The Prime Minister has weighed in on the All Blacks bugging debacle – and come under fire from the opposition in the process.
When John Key was drawn into the speculation of how the listening device could have made its way into the rugby team quarters – or who could have done it – he revealed that he himself had been a victim of bugging.
In fact, the Prime Minister said he was under the expectation he was being recorded in some instances.
But these revelations didn’t move Labour leader Andrew Little – who doubted the Prime Minister had ever been bugged in New Zealand. …
“I have to say I doubt very much whether he’s been bugged certainly internally in New Zealand. What happens overseas, particularly visiting foreign countries, who would know? But it’s typical John Key – say something outlandish that who knows whether it’s true or not and see what happens. And that’s what he’s done on this occasion.
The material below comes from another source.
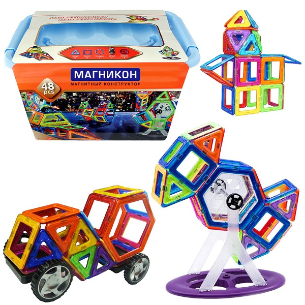 МК-48 - конструктор среднего уровня сложности. Набор рассчитан на детей от 3 до 5-6 лет, в нем 48 деталей.

“I don’t trust him when he says he’s been bugged in New Zealand.
Little again thinks calling the PM a liar is a good political strategy. How has that worked for the last ten years?
Also depending on your definition of bugging there was the secret recording of Key and Banks in 2011 and also in 2008 (off memory) the left activists who secretly recorded National MPs at a function.
Apart from those events already in the public domain, it is now routine for some National MPs and officials to have their offices checked for listening devices, and you don’t do that (which costs a bit of money) for no reason.
As some people think hacking e-mails is a legitimate political activity, why would they stop there and not also try to bug political opponents? My first reaction after the last Hager book was to find out how I could check if my apartment and office were bugged. In the end I concluded a human spy was put into my office, rather than an electronic one. So reassuring.